** Opening Exercise input block **

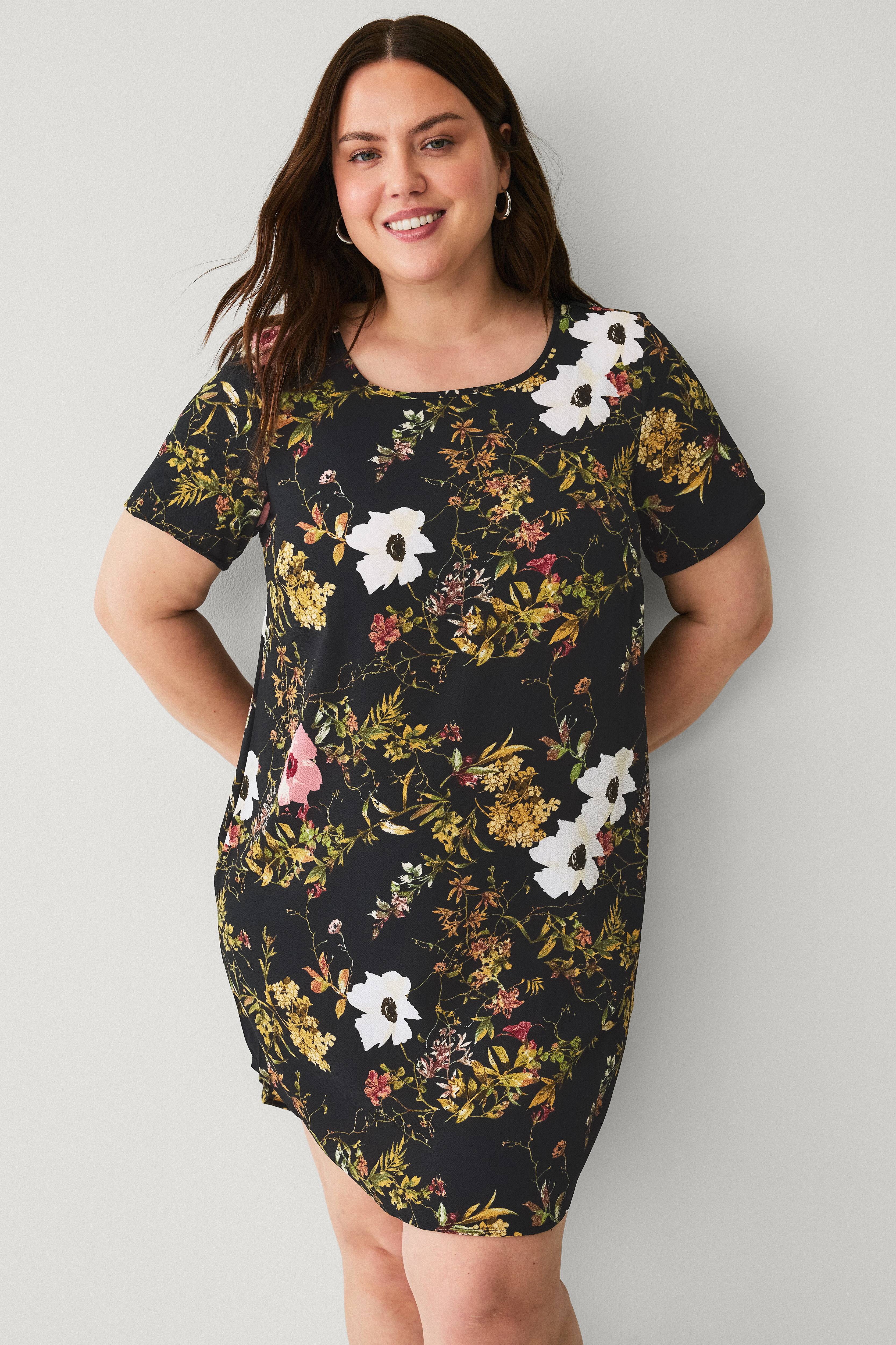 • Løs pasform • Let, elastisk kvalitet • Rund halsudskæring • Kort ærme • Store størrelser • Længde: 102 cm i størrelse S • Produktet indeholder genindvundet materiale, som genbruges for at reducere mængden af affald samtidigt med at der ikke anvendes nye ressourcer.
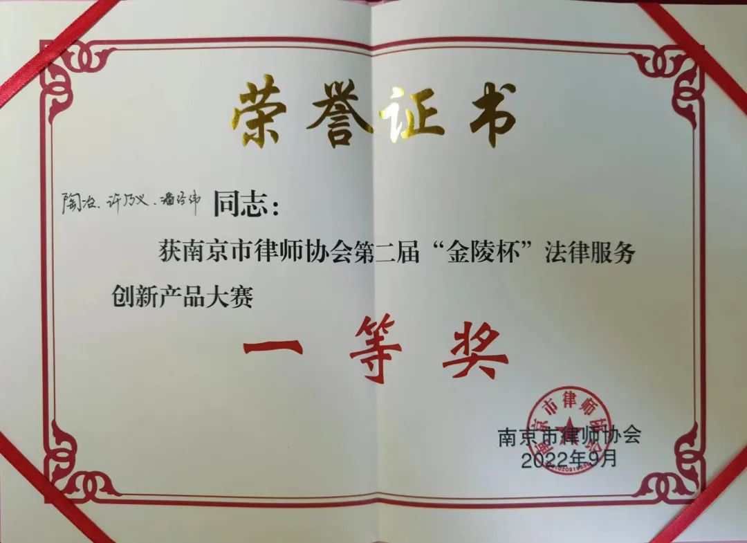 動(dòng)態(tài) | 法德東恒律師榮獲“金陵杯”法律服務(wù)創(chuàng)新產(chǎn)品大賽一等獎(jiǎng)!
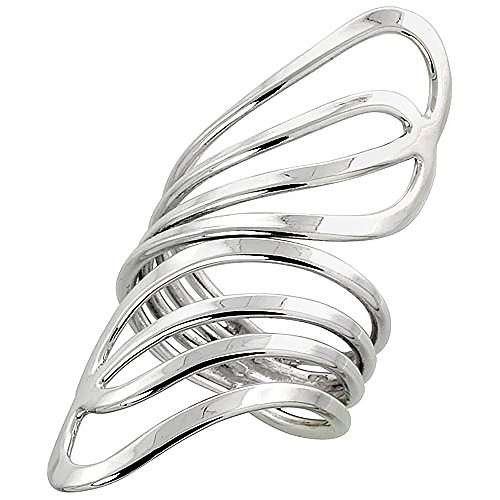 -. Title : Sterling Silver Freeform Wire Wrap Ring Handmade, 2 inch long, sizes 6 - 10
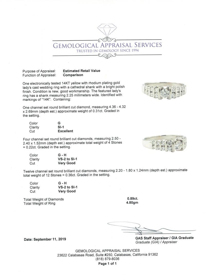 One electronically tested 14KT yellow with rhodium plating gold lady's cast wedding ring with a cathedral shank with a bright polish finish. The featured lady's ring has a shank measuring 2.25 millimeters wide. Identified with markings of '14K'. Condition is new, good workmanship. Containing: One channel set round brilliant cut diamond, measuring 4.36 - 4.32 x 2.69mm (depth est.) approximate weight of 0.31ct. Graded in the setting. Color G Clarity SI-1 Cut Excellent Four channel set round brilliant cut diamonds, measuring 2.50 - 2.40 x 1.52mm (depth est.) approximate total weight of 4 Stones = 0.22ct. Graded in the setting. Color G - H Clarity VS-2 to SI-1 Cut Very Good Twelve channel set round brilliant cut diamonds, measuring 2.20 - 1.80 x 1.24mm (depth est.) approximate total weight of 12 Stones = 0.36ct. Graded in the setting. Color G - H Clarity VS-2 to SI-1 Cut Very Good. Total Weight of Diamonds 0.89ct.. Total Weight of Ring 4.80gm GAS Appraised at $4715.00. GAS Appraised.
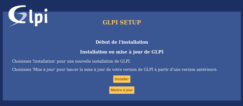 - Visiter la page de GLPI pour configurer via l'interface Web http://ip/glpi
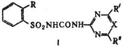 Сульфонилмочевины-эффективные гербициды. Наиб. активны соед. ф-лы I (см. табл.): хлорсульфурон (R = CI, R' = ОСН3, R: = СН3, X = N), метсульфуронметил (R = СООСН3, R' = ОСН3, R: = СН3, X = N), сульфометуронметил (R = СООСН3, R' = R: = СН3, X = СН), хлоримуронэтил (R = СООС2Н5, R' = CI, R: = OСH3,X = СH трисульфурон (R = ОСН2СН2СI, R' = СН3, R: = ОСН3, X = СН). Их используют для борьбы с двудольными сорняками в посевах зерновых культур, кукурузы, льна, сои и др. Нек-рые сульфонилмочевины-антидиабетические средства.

** Closing Exercise input block **

Begin with the first line of the entries above and write out each line exactly, ending with the line containing "-. Title : Sterling". Leave out pictures.

 • Løs pasform • Let, elastisk kvalitet • Rund halsudskæring • Kort ærme • Store størrelser • Længde: 102 cm i størrelse S • Produktet indeholder genindvundet materiale, som genbruges for at reducere mængden af affald samtidigt med at der ikke anvendes nye ressourcer.
 動(dòng)態(tài) | 法德東恒律師榮獲“金陵杯”法律服務(wù)創(chuàng)新產(chǎn)品大賽一等獎(jiǎng)!
 -. Title : Sterling Silver Freeform Wire Wrap Ring Handmade, 2 inch long, sizes 6 - 10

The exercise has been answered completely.